Effect of Zn coprecipitation on the structure of layered Mn oxides

Mn oxides (MnO_x) are a group of ubiquitous metal oxides in the environment and can significantly affect the biogeochemical cycles of metals, nutrients, and contaminants. Due to their negative surface charge across a wide range of environmental conditions, metal cations have strong affinities for MnO_x, and the presence of metal cations during or after the formation of MnO_x might significantly affect their structure and reactivity. This study systematically investigates the effects of Zn²⁺ presence during mineral formation (i.e. coprecipitation) on the structure of acid birnessite and δ-MnO₂, two synthetic analogs that are structurally similar to fresh biogenic MnO_x but with different crystallinity.
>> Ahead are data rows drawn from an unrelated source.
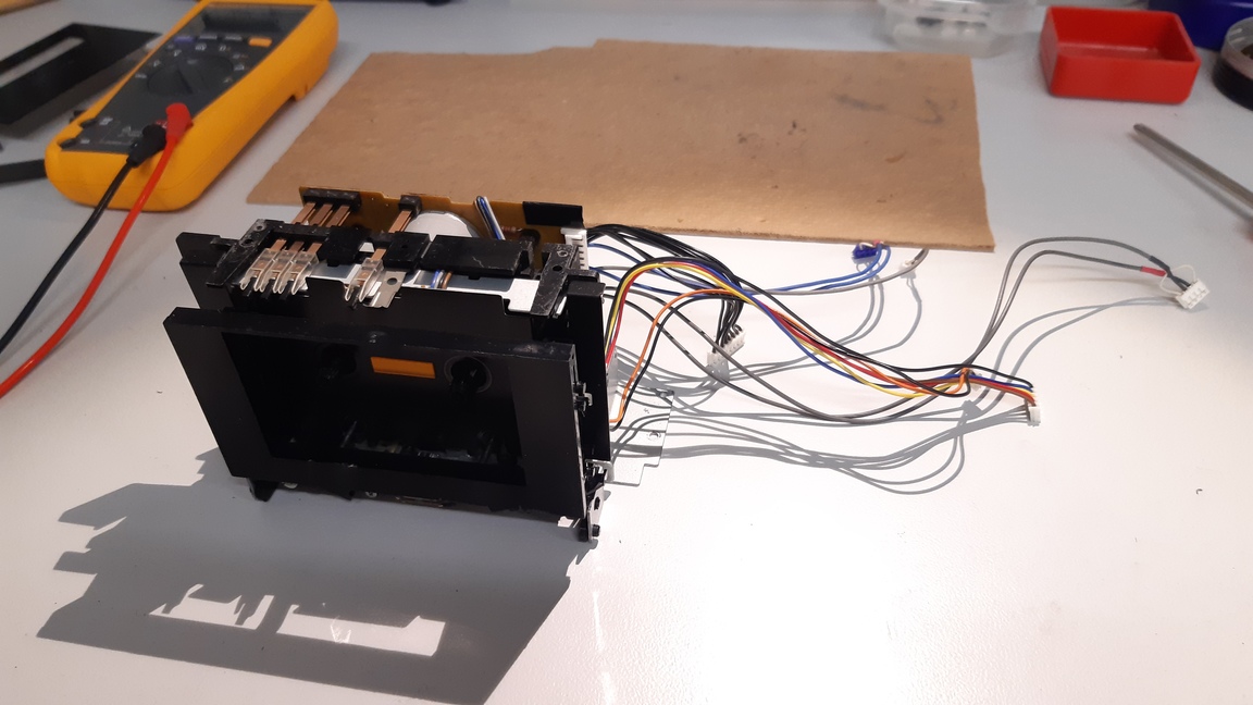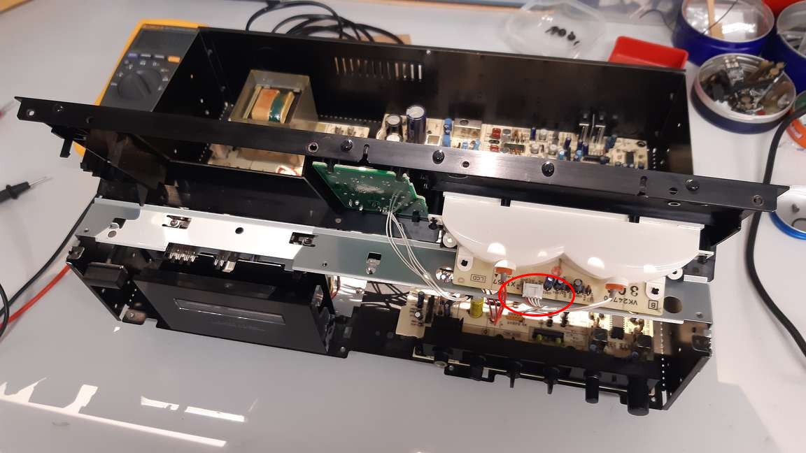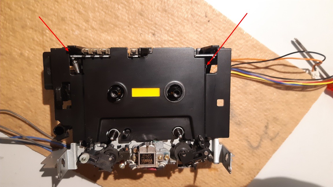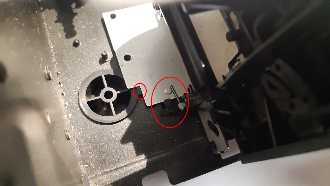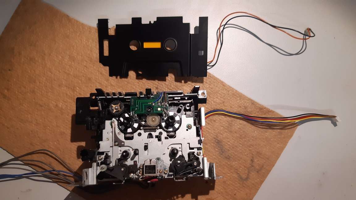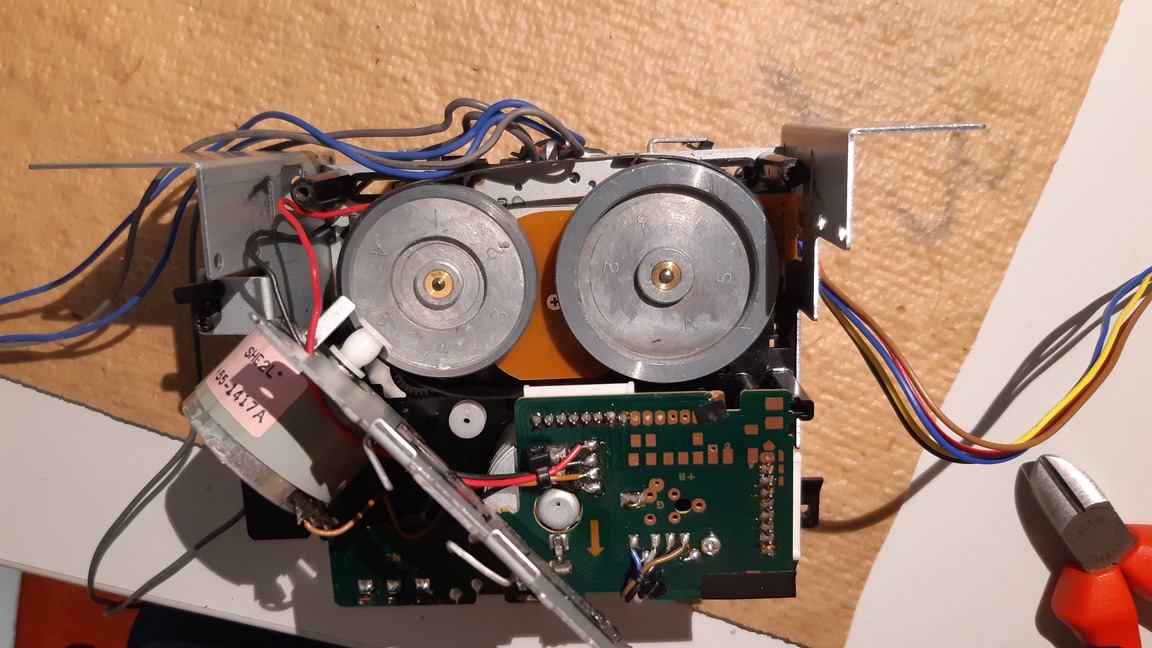 The previous owner already tried to replace the belt but failed. He told me it turn on but does not play. After a quick inspection it was quite obviously he had some issues in disassembling the tape mechanism. Some metal pieces where bent (ouch!), a motor connection was shorted and the PCB on the backside of the mechanism was cracked. As a result the deck did not detect whether a tape was inserted and one of the motors did not spin due to the short cut.
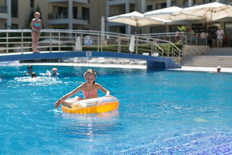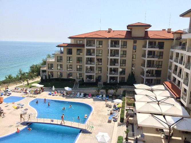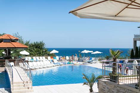 Byala Beach Resort är ett välkomnande och populärt All Inclusive-hotell med fantastiskt läge på en bergsluttning ute vid havet i Byala. Här kan du njuta av härlig atmosfär och många bekvämligheter. Mellan huvudbyggnaden och havet hittar du poolområdet med en stor pool, barnpool, solterrass och poolbar. Här kan du njuta av solen, bada eller delta i de aktiviteterna som hotellets underhållningsteam arrangerar. Stranden nås via en trappa som leder från hotellets poolområde. Du bor i trevligt inredda lägenheter med balkong och välutrustat utrustat pentry. Här kan du koppla av med familjen och de största lägenheterna rymmer upp till åtta personer. Boendet är med All Inclusive, där måltider, snacks och drycker ingår i priset. Du kan också boka boendet utan pension, om du föredrar att laga ennklar måltider i pentryt. Byala Beach Resort är ett av våra mest populära hotell i Bulgarien och vi rekommenderar det för vuxna och barnfamiljer som vill fira semester i bekväm miljö med en fantastisk utsikt.
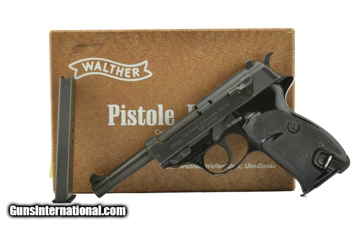 Description: Walther P38 9mm caliber pistol. Post-War commercial model made in 1968. Shows some wear, very good condition with box, papers and extra magazine.
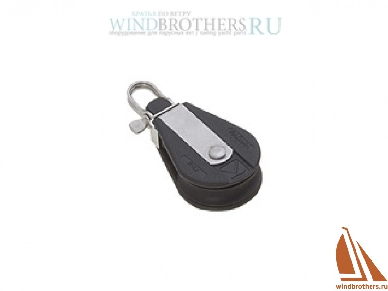 Одношкивный вертлюжный блок под трос. Диаметр шкива - 34 мм. Шкив - бесподшипниковый. Имеется возможность фиксации вертлюга в двух положениях. Материал корпуса - высокопрочный пластик, нержавеющая сталь. Материал шкива - анодированный алюминий с покрытием PTFE с центральной вставкой из высокопрочного пластика.
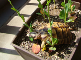 隣の鉢はカブの葉。
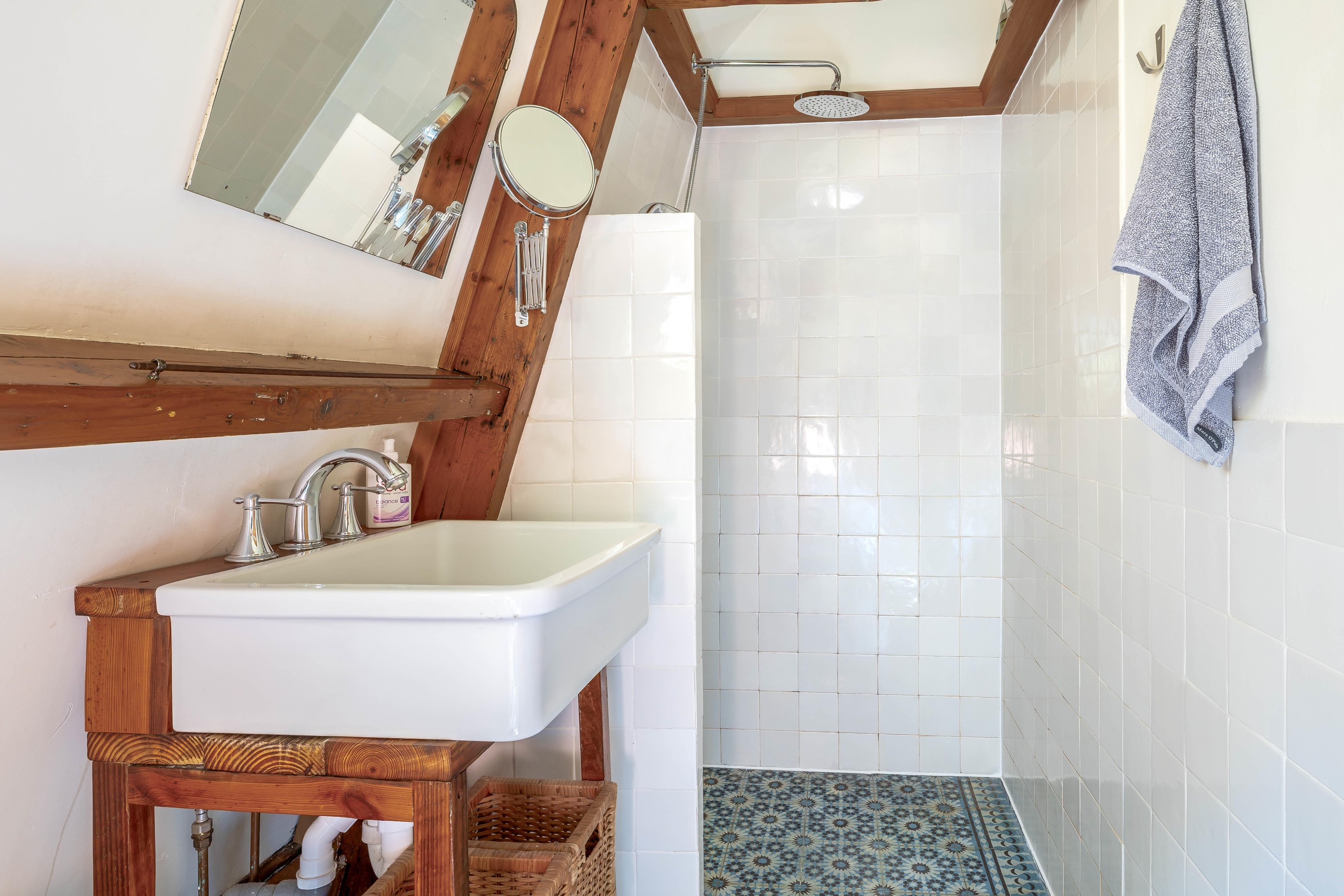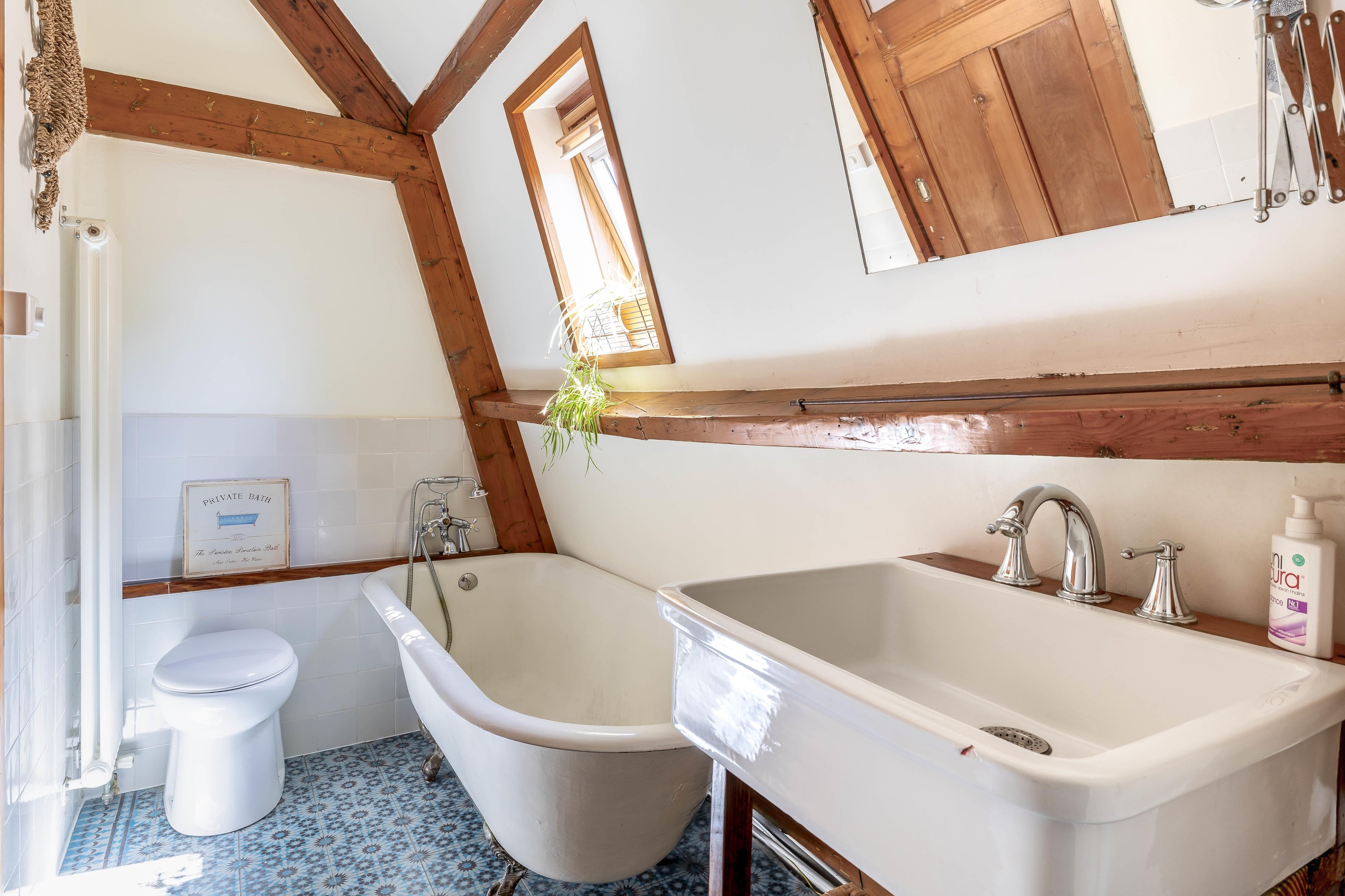 Ook in de badkamer zijn de mooie houten balken van de dakconstructie in het zicht. Het dakraam zorgt voor ook hier voor natuurlijke lichtinval. De badkamer is uitgerust met een ruime inloopdouche, een sierlijk ligbad op pootjes een wastafel met meubel en een toilet. De tegelvloer heeft een vrolijk patroon wat zorgt voor extra sfeer.
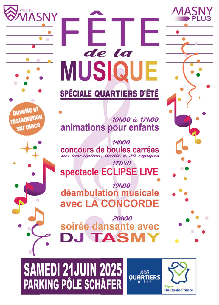 De 10h00 à 17h00, l’association « Masny Plus » proposera des animations pour les enfants : jeux, ateliers et surprises les attendent pour bien démarrer l’été !
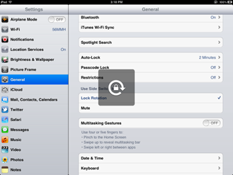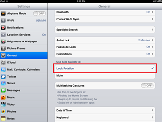 Once you are connected to the Wi-Fi network scroll down and touch the General icon and place a check next to lock screen rotation.
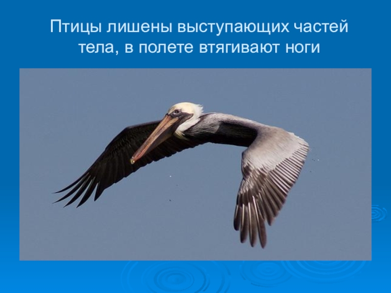 Слайд 7Птицы лишены выступающих частей тела, в полете втягивают ноги
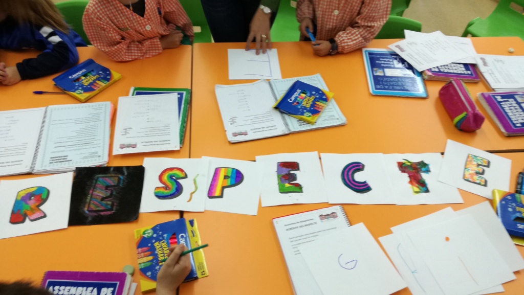 Amb l’objectiu de crear un mural pel vestíbul de l’escola relacionat amb l’eix transversal del centre per aquest curs: Des del RESPECTE, tot és possible!, hem creat un acròstic amb la paraula respecte, escollint les paraules que més ens han agradat de totes aquelles que portaven proposades dels seus grups-classes. Posteriorment hem escrit les lletres a les seves caselles i properament el penjarem al vestíbul de l’escola.
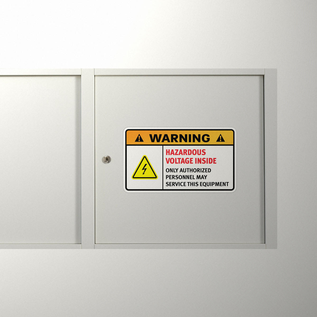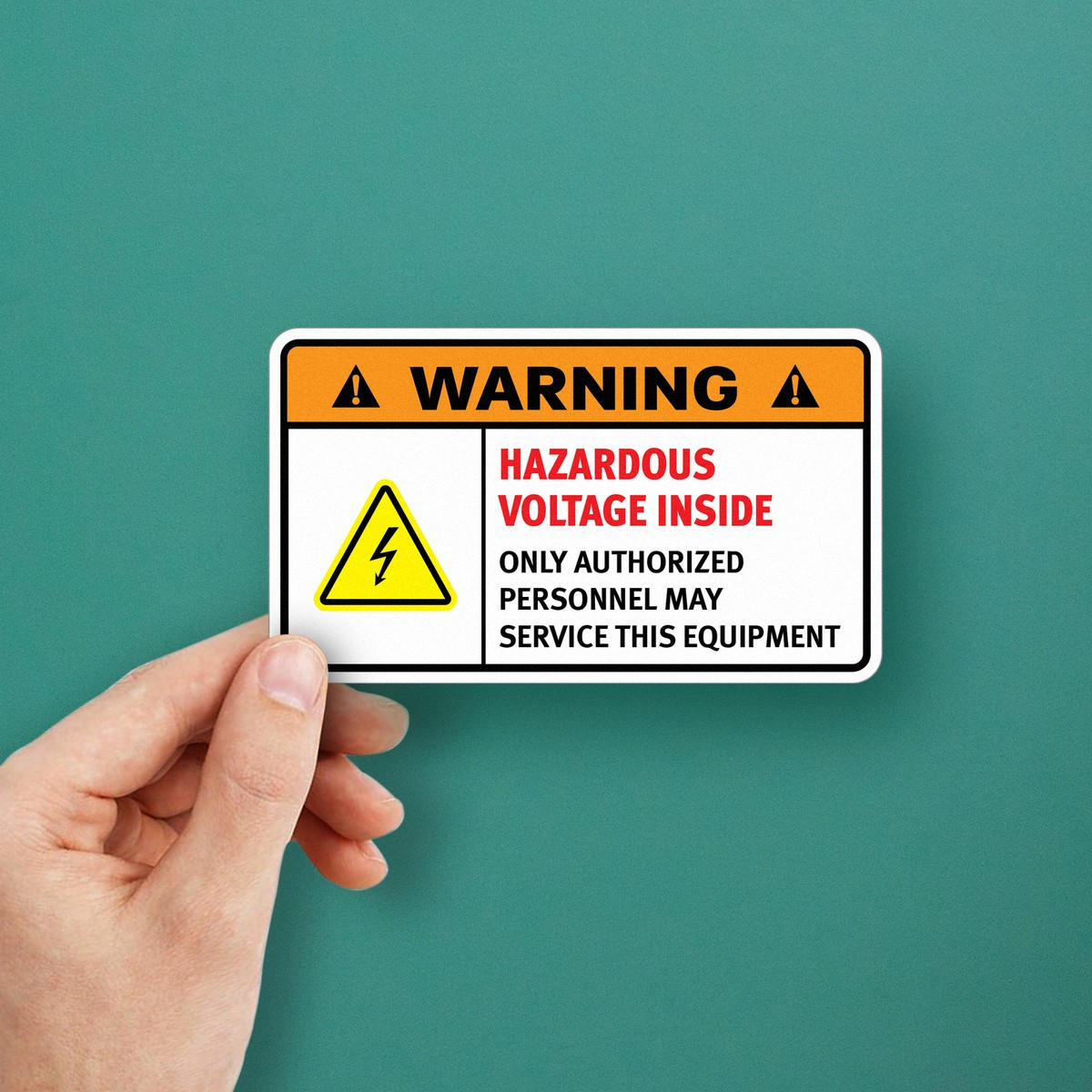 Ensure safety and compliance with this high-visibility “Hazardous Voltage Inside” warning sticker. Crafted from durable, weatherproof vinyl, this decal is perfect for industrial equipment, electrical boxes, and high-voltage areas. The clear, bold message helps prevent unauthorized personnel from servicing equipment, reducing the risk of accidents. Ideal for both indoor and outdoor use, this safety sticker is built to last in tough environments, resisting weathering and fading over time. Easy to apply, it provides an essential layer of safety for any industrial or electrical setting.
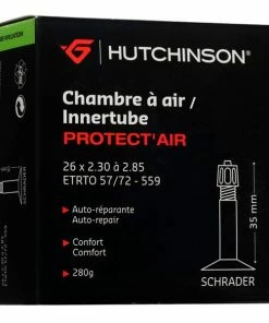 Les chambres à air anticrevaison Hutchinson Protect’air 26″ contiennent du liquide préventif afin de reboucher les trous jusqu’à 3 mm. Elles sont disponibles en plusieurs dimensions et tailles de valves.
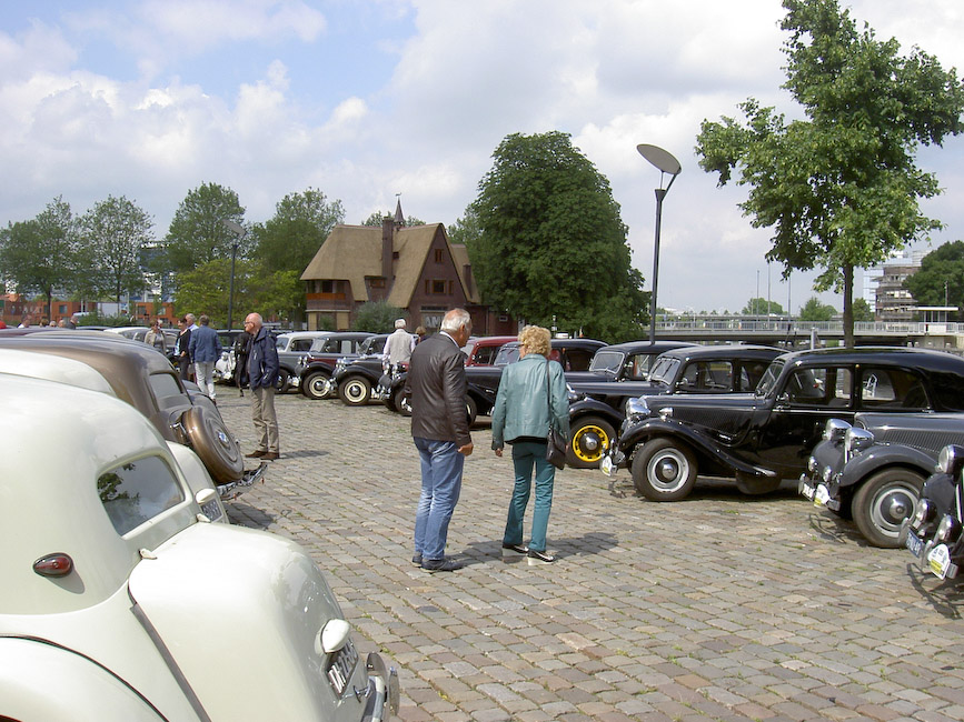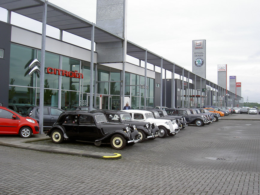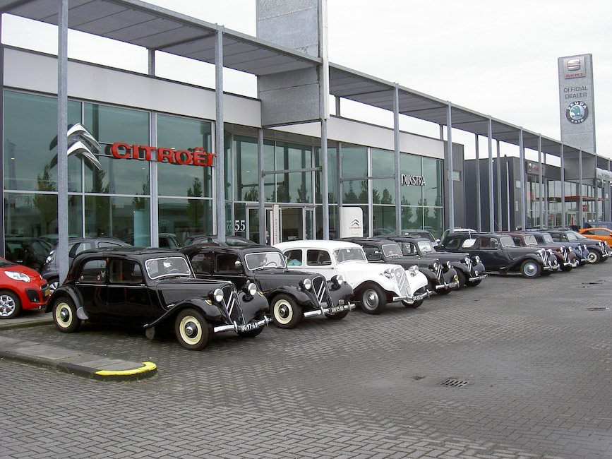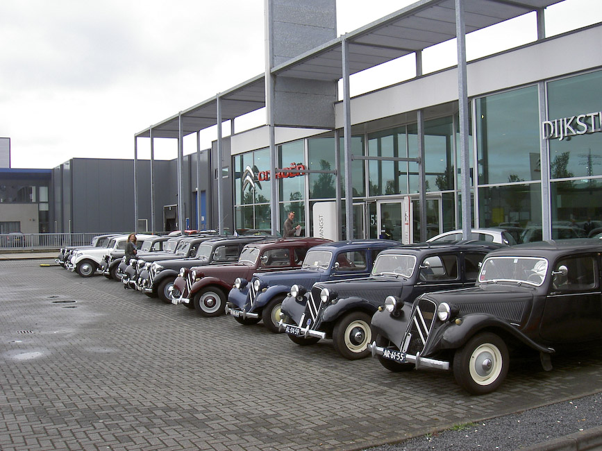 Voor het deelnemen aan de jubileum activiteiten hadden zich 22 equipes uit Noord opgegeven. Door de ritmeesters Mark Hermsen en Joop Posthumus waren twee aanlooproutes richting Koekange uitgezet. Dus zaten er rond de klok van 10 op Hemelvaartsdag 12 Tractionleden aan de koffie met koek bij Citroen Dijkstra Oudehaske die daarvoor speciaal haar showroom beschikbaar had gesteld. Op hetzelfde tijdstip zaten 10 Traction eigenaren met aanhang bij Hofsteenge in Rolde aan de koffie met gebak. Na al dit lekkers vertrokken beide groepen via een mooie route naar Koekange, waar Tractionspecialist Arjen Antonisse samen met zijn vrouw Feikje en familie een lunch zou aanbieden. In de showroom en de werkplaats stonden volop lekker belegde broodjes en huisgemaakte soepen voor ons klaar. De deelnemers lieten zich het aangebodene heerlijk smaken alvorens de rit naar de jubileumlocatie in Epe werd aangevangen. Familie Antonisse heel hartelijk dank voor de vorstelijke ontvangst! Mark en Joop hadden vanuit Koekange weer een mooie rit uitgezet die het gezelschap zonder kleerscheuren in Epe bracht. Voor het verslag van het jubileumfeest zelf kunt u kijken op de clubsite www.traction-avant.nl

For both acid birnessite and δ-MnO₂, Zn²⁺ existed as surface adsorbed species at vacancy sites, interrupted layer stacking along c axis, and caused reductions of the lateral particle size. Zn²⁺ also reduced Mn(III) contents in δ-MnO₂ layers, leaving more vacancy sites (capped by adsorbed Zn²⁺). The reduction of layer stacking was more obvious for acid birnessite, while the modification of layer structure was more significant for δ-MnO₂. These structural changes will likely lead to modified reactivity of MnO_x in natural systems.